In a bid to reduce injuries to pedestrians hit by cars, the European Union
is on track to introduce regulations forcing car makers to build vehicles
with higher hoods and fatter, boxier designs.
For companies like BMW, Mercedes-Benz, Audi and Saab, that may mean
replacing their elegantly sloping front ends with fatter, boxier designs.
"For automotive designers, it's a disaster," Robert Lutz, vice chairman of
product development at General Motors Corp., said at the Geneva auto show.
GM makes Saab and Opel vehicles. "Sports cars are going to look a little
strange," Mr. Lutz added.
Although the pedestrian-protection measures aren't expected to become
mandatory until 2010, most European car companies are already working on new
designs and technologies and may begin introducing them before then. Hoping
to attract safety-conscious buyers, Honda Motor Co. has already started to
alter its hood designs to protect pedestrians. Changes to the hood and
bumper would cost an estimated $50 to $100 per vehicle.
Customers in the U.S. will see the changes because DaimlerChrysler AG's
Mercedes unit, Bayerische Motoren Werke AG and Volkswagen AG and Europe's
other luxury car makers sell virtually identical vehicles around the world.
The U.S. units of auto makers like GM and DaimlerChrysler would be
unaffected by the changes.
Larger vehicles that already have thicker-looking front ends, such as
sport-utility vehicles and minivans, could probably accommodate the
regulations with little noticable change to their profiles, Mr. Lutz said.
According to the EU, some 8,000 pedestrians and cyclists are killed and an
additional 300,000 are injured in car accidents each year. The EU hopes to
reduce the number of deaths to 2,000 by 2010.
In the U.S., federal auto safety regulators are reviewing European and
Japanese proposals for changing vehicle design to improve pedestrian safety
for potential application in the U.S., a spokesman for the National Highway
Traffic Safety Administration said yesterday. NHTSA researchers have been
working with counterparts from other countries since 1997 to develop
internationally consistent rules. So far, U.S. regulators haven't issued
specific orders for car makers to change vehicle designs.
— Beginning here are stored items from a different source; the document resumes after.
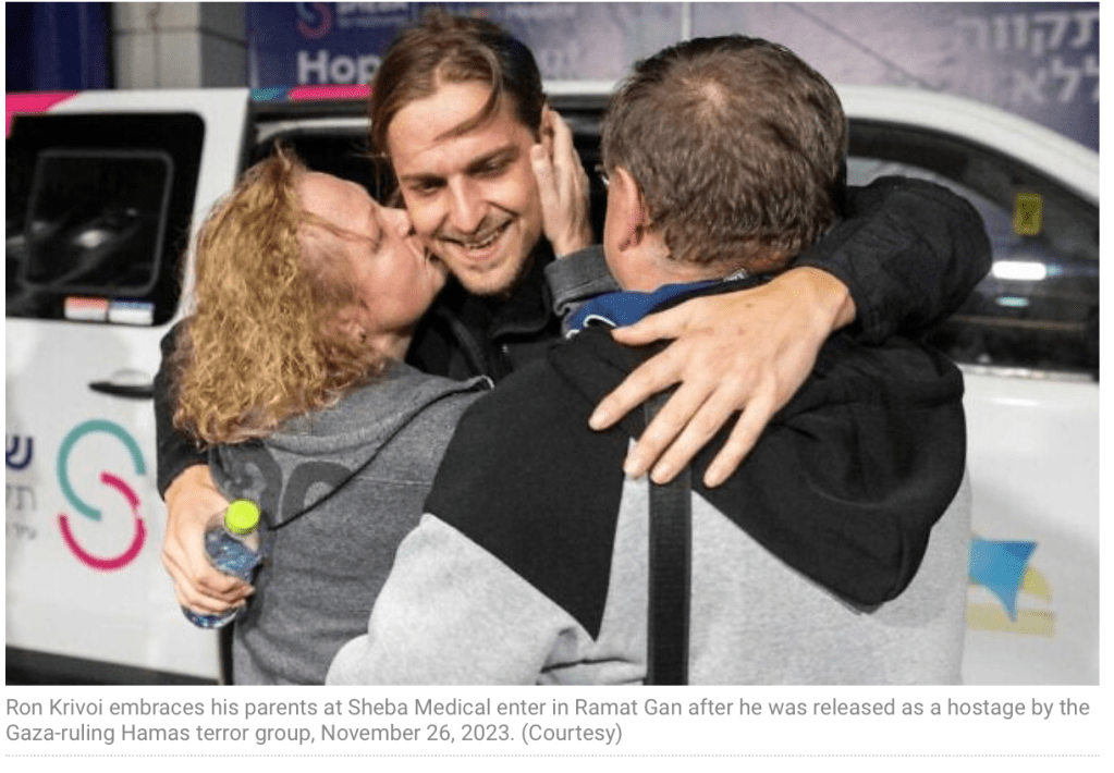 Um 19:30 wurden die zehn heute freigelassenen Geiseln dem IRK übergeben. Das teilten sowohl die Hamas, als auch der Palästinische Islamische Djihad hat. Demnach befinden sich unter den freigelassenen Geiseln, die von beiden Terror-Organisationen festgehalten worden waren. Die Gruppe soll fünf der neun noch im Gazastreifen festgehaltenen Kinder und sieben Frauen, sowie zwei russische Staatsbürger umfassen. Gegen 21 Uhr bestätigte IDF-Sprecher Daniel Hagari, dass der Prozess der Übergabe noch nicht abgeschlossen sei.
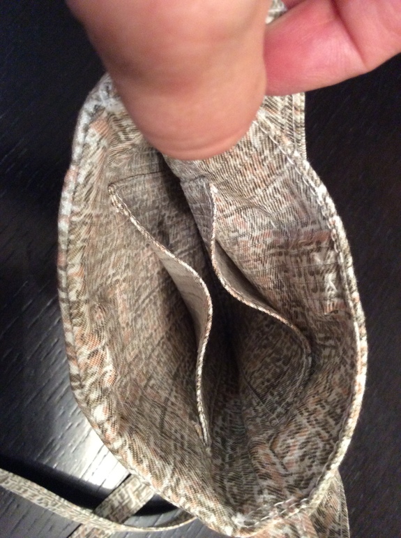 Внутри с каждой стороны ещё по маленькому кармашку: для денежки и для конфетки, чтобы даже в такой маленькой сумочке был порядок :-)))
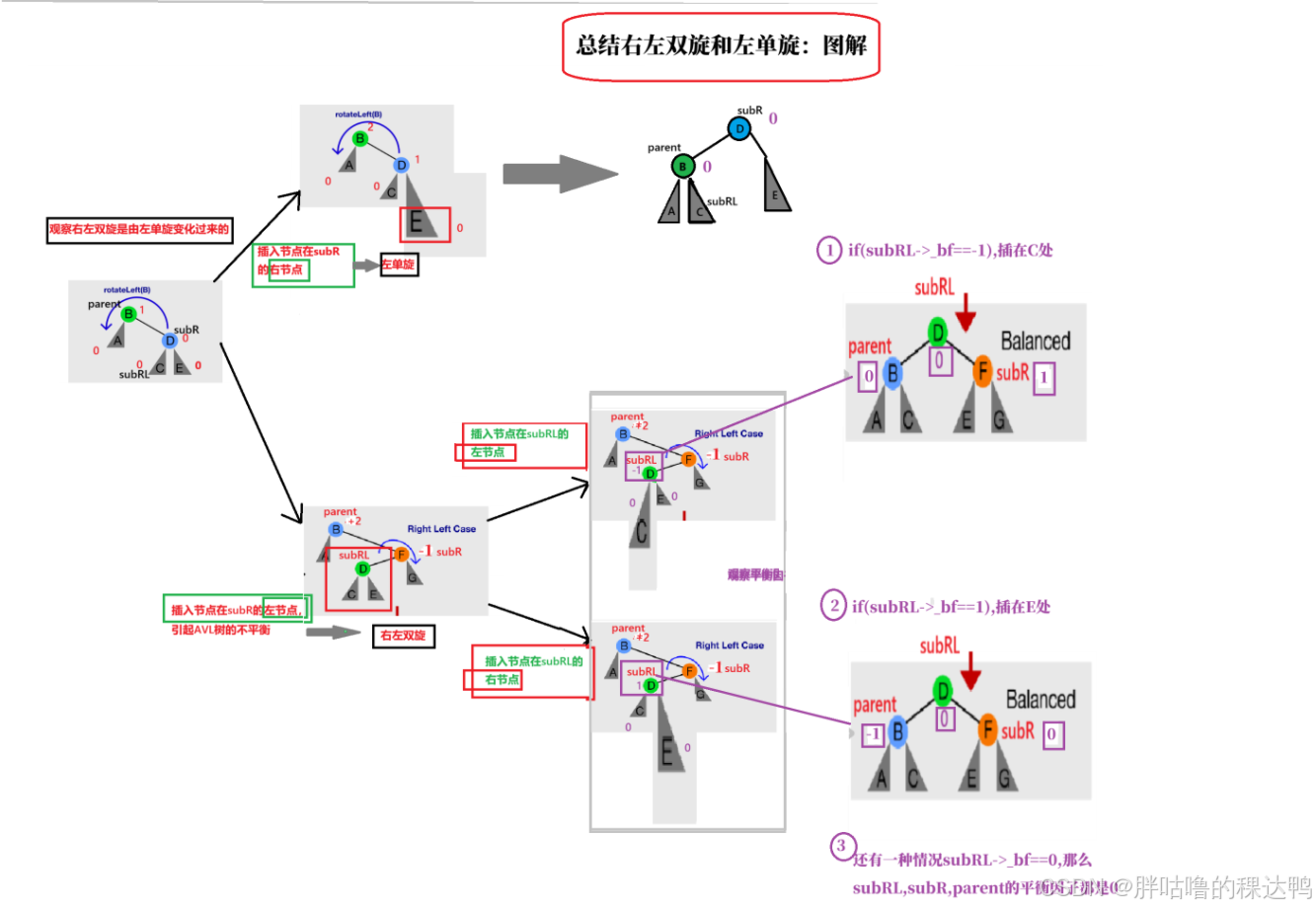 最后改一下平衡因子:parent->_bf = subLR->_bf = 0。
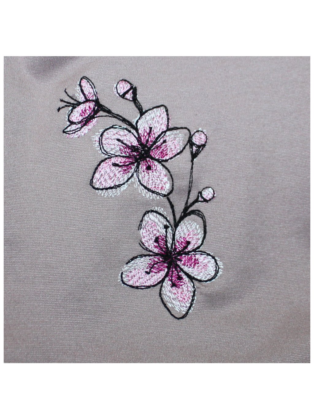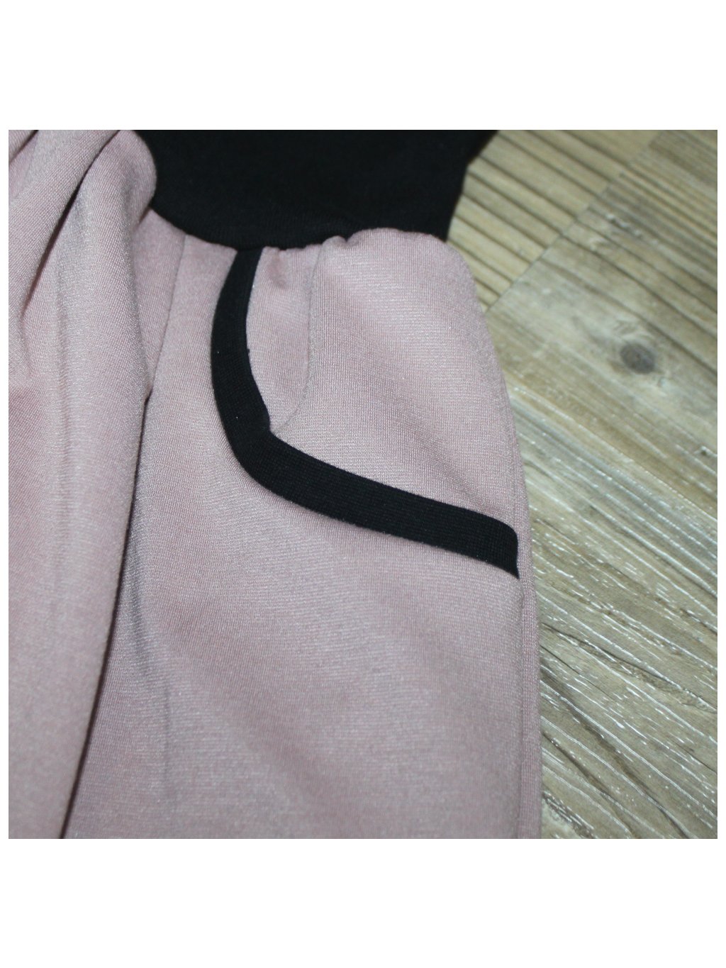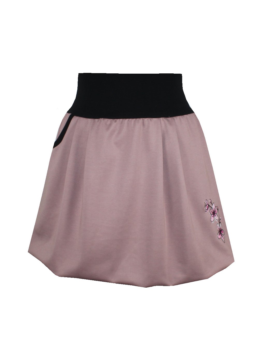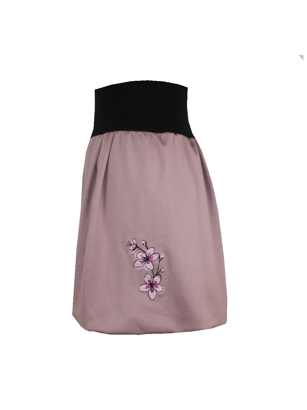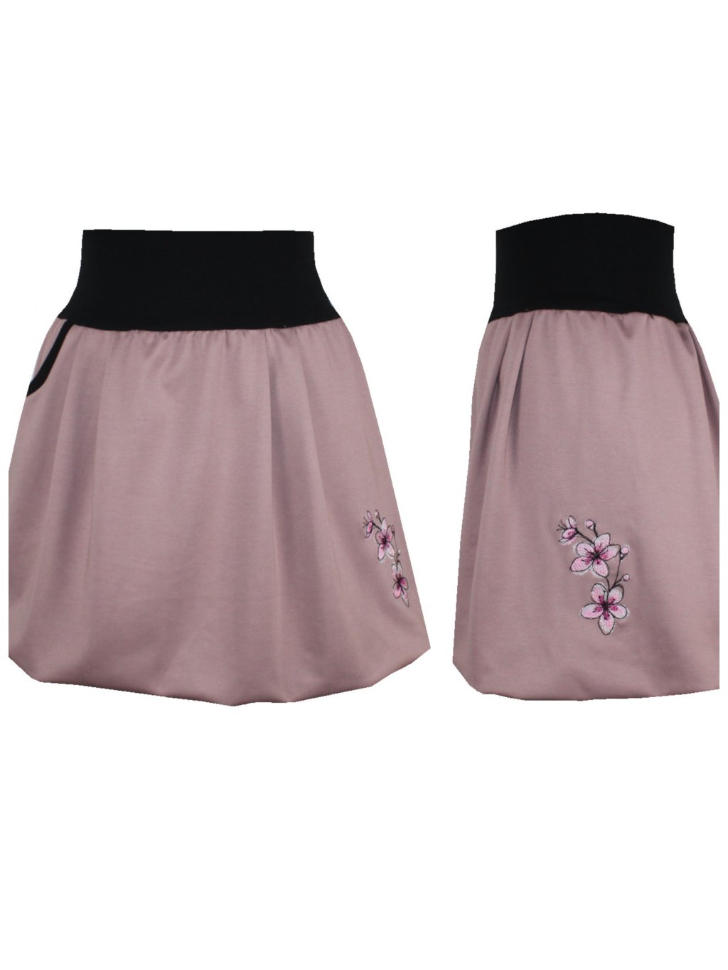 Pudrová sukně je balonového střihu. Na boku má výšivku.

In the U.S., 4,882
pedestrians were killed in traffic accidents in 2001, a decrease of 16% from
1991, according to NHTSA. The agency counted 78,000 pedestrians injured in
traffic crashes.
Most of the fatalities and serious injuries occur when the victim's head
hits the hood of the car and the hood collapses onto the hard surfaces of
the engine. The new European rules, which were outlines in a draft directive
last month, call on car makers to put more room between the hood and the
engine, leaving more "crumple room" to soften the blow. A higher hood line,
however, would give the front of the car a fatter profile.
Bumpers would also have to be built with more give. The draft directive
suggests designing bumpers with about eight inches of flat, vertical surface
about eight inches in width that would spread out the impact on a
pedestrian's legs. Mr. Lutz said that would result in a squarish, less
streamlined nose, Mr. Lutz said.
Although car makers have told the EU they will go along with the rules, most
aren't convinced the new rules will reduce as many injuries and deaths as
the EU hopes. "The big problem isn't when the pedestrian hits the car, but
when he hits the ground," said Wilfried Bockelmann, VW's development chief.
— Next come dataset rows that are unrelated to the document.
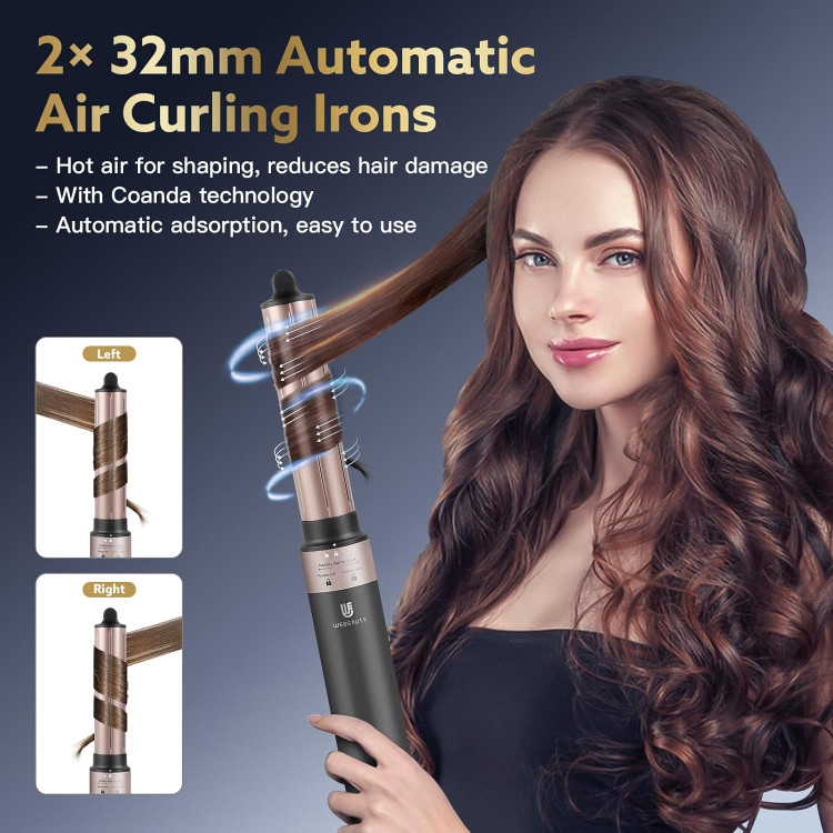 اتو فر کننده اتوماتیک: اتو فر کننده 2×32 میلی متری در جهت چپ/راست، اندازه راحت برای فر زیبا، با تکنولوژی کوآندا، جریان هوای مداوم قوی تضمین می کند که مو به طور خودکار به سطح فر کننده هوا مکیده می شود و طبیعی است. در مقایسه با فرهای معمولی، می تواند به طور موثرتری آسیب را کاهش دهد. با گرمای شدید 200 میلیون یون منفی، پوشش سرامیکی، +35٪ درخشندگی، +30٪ صاف کردن، -30٪ موخوره، مراقبت با کیفیت از مو را به شما می دهد.
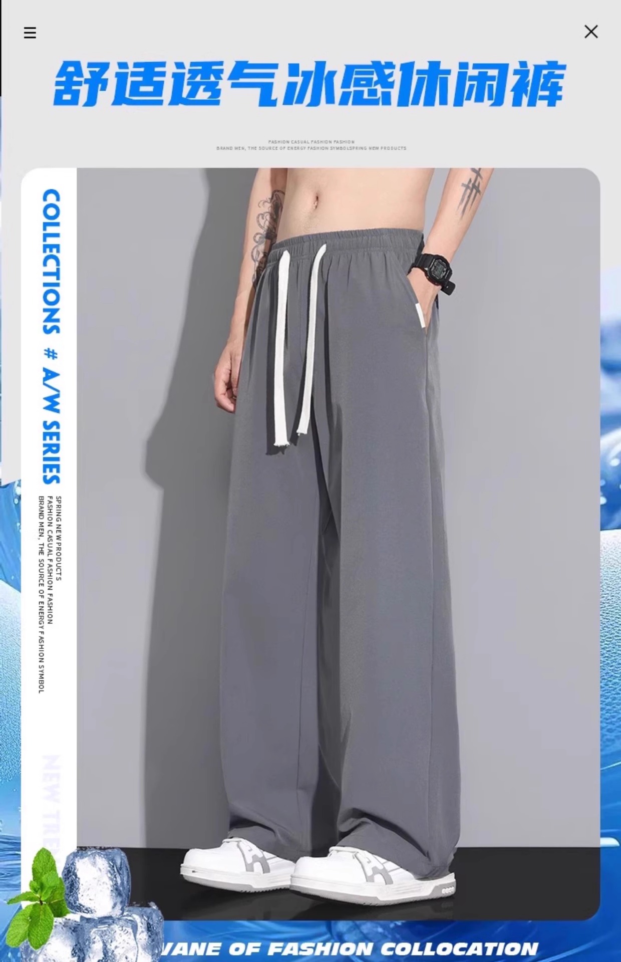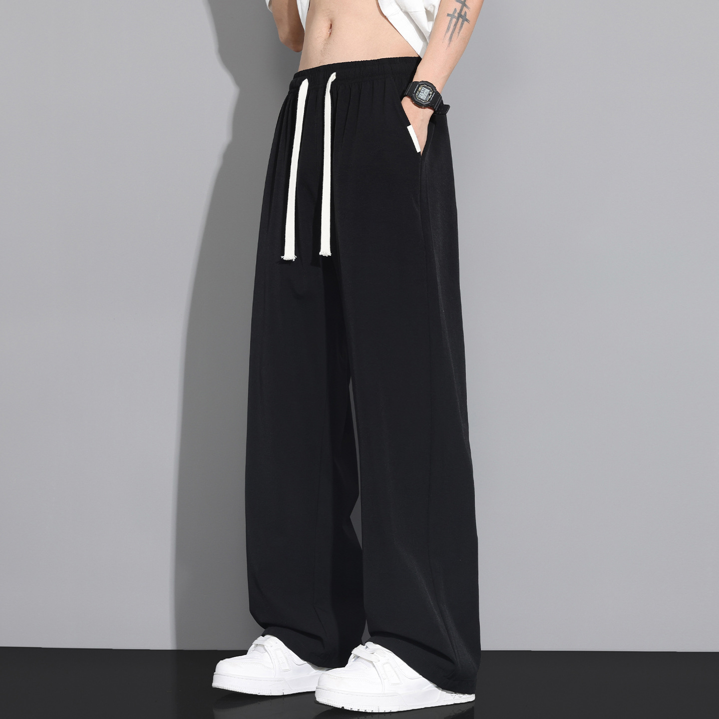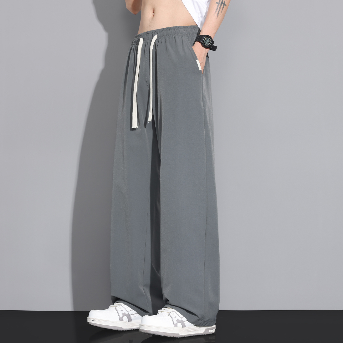 NASA 아이스 실크 캐주얼 팬츠 남성 여름 얇은 스타일 2026 신상 루즈핏 스트레이트 와이드 레그 스포츠 속건 긴바지스토어 가기
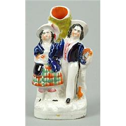 A spill vase group of a boy and girl with a lamb, modelled standing before a tree, partially coloured, 16cm high, mid 19th century (restored chips to hat)
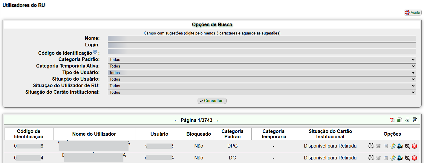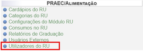 2. No Grupo "PRAEC/Alimentação" do menu principal, clique em "Utilizadores do RU":
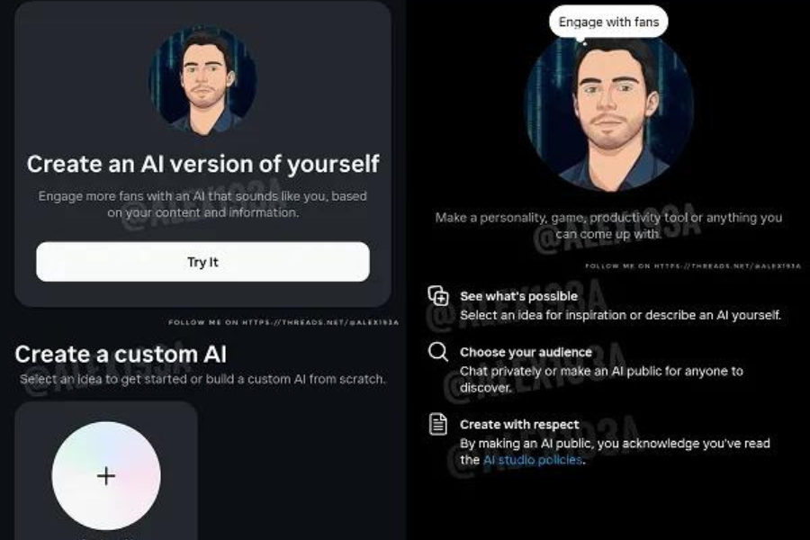 App researcher Alessandro Paluzzi has shared new screenshots revealing Instagram’s developing AI bot creation framework. This includes a feature for users to 'Create an AI version of yourself.

Most European auto makers are trying to develop technologies that fulfill
the directive's requirements with minimal impact on design. One idea would
equip the front end with electronics that sense when impact with a
pedestrian is imminent and triggers a device that pops the hood up a few
inches. A padded device could also pop out below the bumper to knock the
pedestrian off his feet, preventing severe ankle and foot injuries, said
Hans-Joachim Schoepf, head of passenger car development at Mercedes.
Such "active" technologies, however, could add $200 or more to the cost of a
vehicle.
The directive "means that cars can't be built tomorrow the way they are
built today," Mr. Schoepf said. "We hope that if you do it cleverly, you
will still have a good-looking car."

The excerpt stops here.